Nastia se mordit la langue. Le silence tomba.
« Tu sais quoi, » Marina rassembla les documents dans la pochette. « J’ai déjà déposé les papiers. J’ai introduit une demande pour faire reconnaître ma part de cet appartement comme bien acquis en commun. En tenant compte de tous les investissements—c’est au moins trente pour cent. Si tu veux la guerre, très bien, mais je ne renoncerai pas à ce qui m’appartient. »
« Marinka… » Igor se frotta les tempes. « Pourquoi tu ne me l’as pas dit tout de suite ? »
« Est-ce que tu m’aurais crue ? » Elle sourit tristement. « Tu dis toujours que Nastia ne te mentirait jamais. »
Igor regarda sa sœur et sa mère d’un autre œil.
« Je vous demande de partir, » dit-il doucement. « Toutes les deux. Tout de suite. »

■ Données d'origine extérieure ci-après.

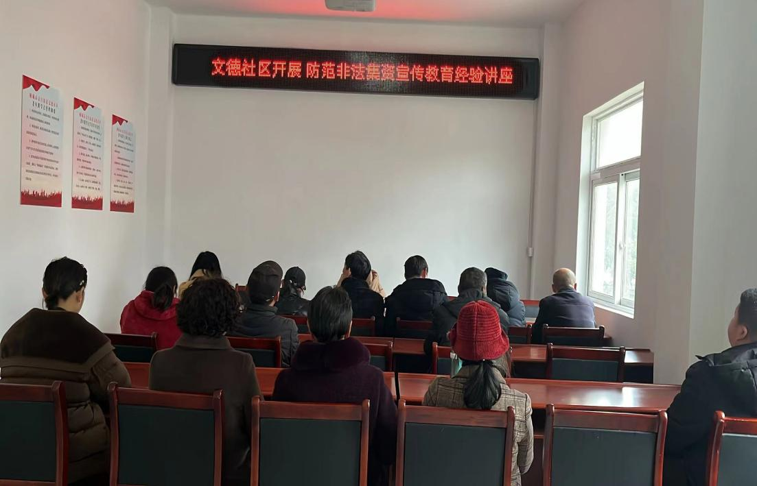 为深入贯彻《防范和处置非法集资条例》,进一步提升非法集资宣传教育的系统性、持续性和有效性,确保元旦、春节期间社会大局和谐稳定,文昌街道文德社区工会2月20号集中开展防范非法集资宣传活动。活动现场,社区工作人员通过发放宣传资料、讲解等方式,向过往群众普及防范和打击非法集资知识,注重对老人、进城务工人员、群众、小商户等重点人群和对象进行宣传,突出对防范“一非三贷”领域风险的宣传教育。同时,突出警示普法教育,提升民众知法、守法防范意识。
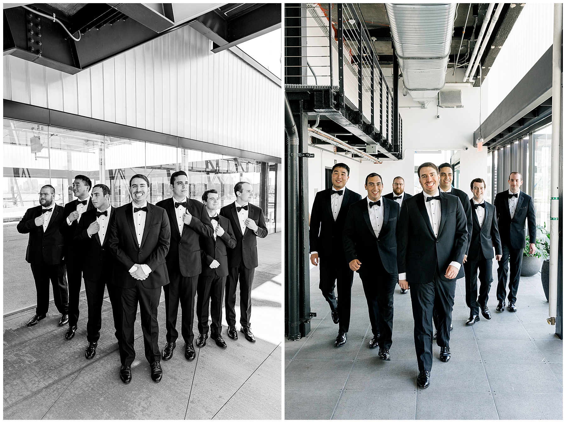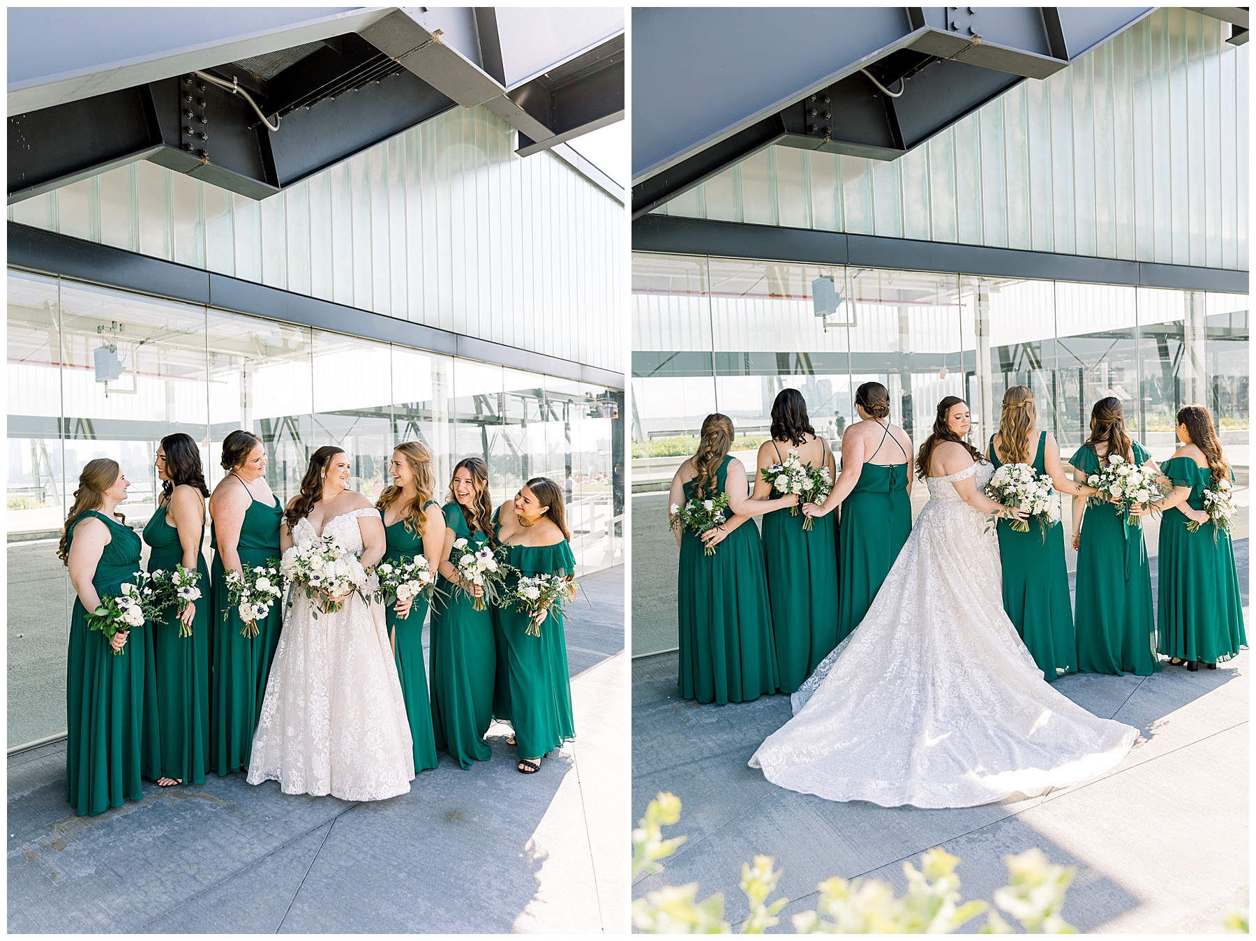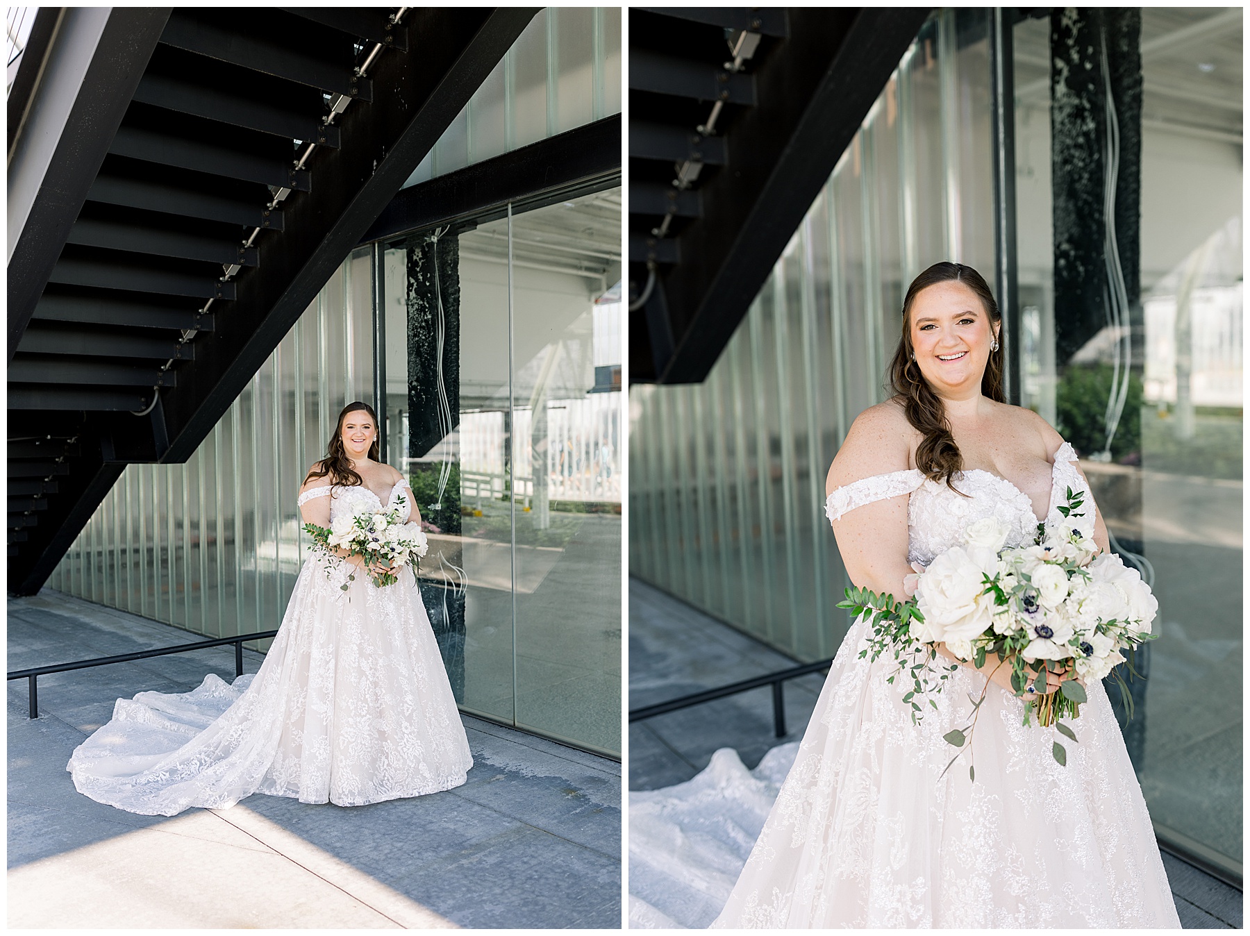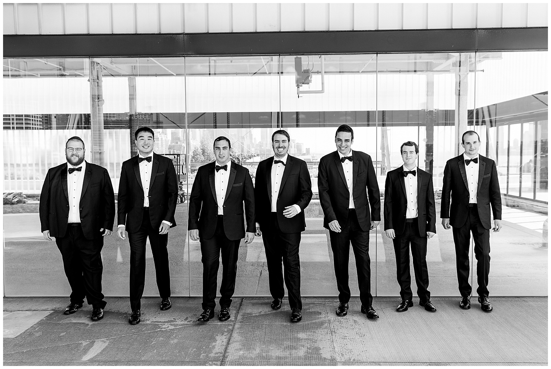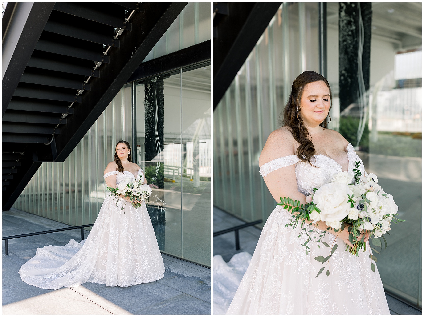 All of Carleigh’s bridesmaids were so sweet & fun, and I also loved including Carleigh’s brand-new nephew, Everette, in some of the photos! The Empire Suite’s black/white interior was a perfect compliment to their wedding color palette! Next, we headed over to the venue to photograph all the Bridesmaids photos, and found the coolest black staircase to incorporate more of the black color scheme & city/urban vibes into the photos. (Plus thank GOD for the shade!!!) I just love how unique those photos turned out! :)
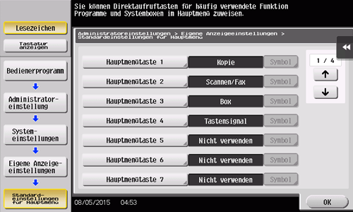 Tippen Sie auf [Bedienerprogramm] - [Administratoreinstellungen] - [Systemeinstellungen] - [Eigene Anzeigeeinstellungen] - [Anzeigeeinstellungen für Hauptmenü].
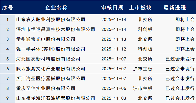 本期(11.3~11.7)有5家上会企业,最新进程均为已过会未发行。
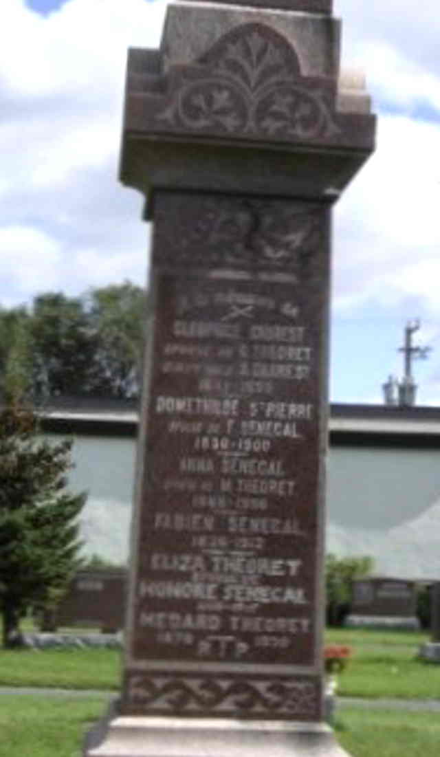 Pierre tombale de F[abien] Sénécal, époux de Domithilde Saint Pierre; de Anna Sénécal, épouse de M. Théoret; de Fabien Sénécal; et de Honoré Sénécal, époux de Éliza Théoret (R)
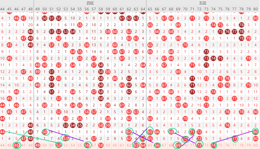 四区胆尾7尾8尾,边号52 54 56 58 61 63出1-2码,重号53 57 64出一码,形态上52 56 63是斜连号,上图已勾画,缩小范围,四区是走热趋势,本期大概率能出4-6码,49要防守一期,其次6开头走热本期60 61 62 63 64大概率出2码,重号先看64其次57,结论关注五码56 57 58 63 64防52
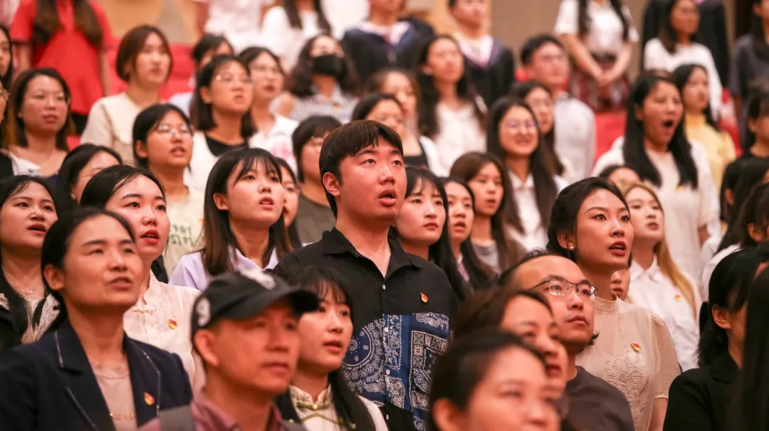 首先,全体起立,奏唱中华人民共和国国歌。在庄严肃穆的国歌声中,中国共产党成人网

« Igoryok ! » s’exclama Vera.
« Partez ! » répéta-t-il, plus fort. « J’ai besoin de parler à ma femme. »
Nastia attrapa son sac et sortit en trombe de l’appartement. Vera se leva lentement, lança à sa belle-fille un regard brûlant, et se dirigea vers la porte. Alexeï Petrovitch resta un instant sur le seuil :
« Je suis désolé, mon fils. Je ne savais pas ce qu’elles faisaient. »
 

Quand ils furent partis, Igor s’assit en face de Marina.
« Pardonne-moi… Je ne pensais pas qu’ils en étaient capables. »
« Et moi, je n’aurais jamais cru devoir me défendre contre ta famille, » répondit-elle doucement.
Un mois plus tard, tout fut officiellement réglé. Marina devint copropriétaire de l’appartement—sa part était de quarante pour cent. Igor insista pour que ce soit plus que ce qu’avait demandé l’avocat.
Nastia cessa de venir. Elle n’appelait que rarement, seulement son frère, et ne demandait jamais des nouvelles de Marina. Vera était ostensiblement polie lors de leurs rencontres, mais froide. Les dîners de famille étaient désormais tendus.
Un soir, Igor prit Marina dans ses bras.
« Tu sais, je suis content que tu sois plus forte et plus intelligente qu’eux tous. Et que tu ne te sois pas laissée berner. »
« J’ai juste compris que personne ne se battrait pour moi sauf moi, » sourit-elle. « Même pas toi. »
« Ça n’arrivera plus, » il lui embrassa le front. « Je te le promets. »
Marina acquiesça. Elle n’avait plus peur de perdre son toit. Et maintenant, elle savait avec certitude : elle ne laisserait plus jamais personne décider de son destin derrière son dos. Ni sa belle-mère, ni sa belle-sœur. Même pas son mari. Désormais—elle déciderait par elle-même.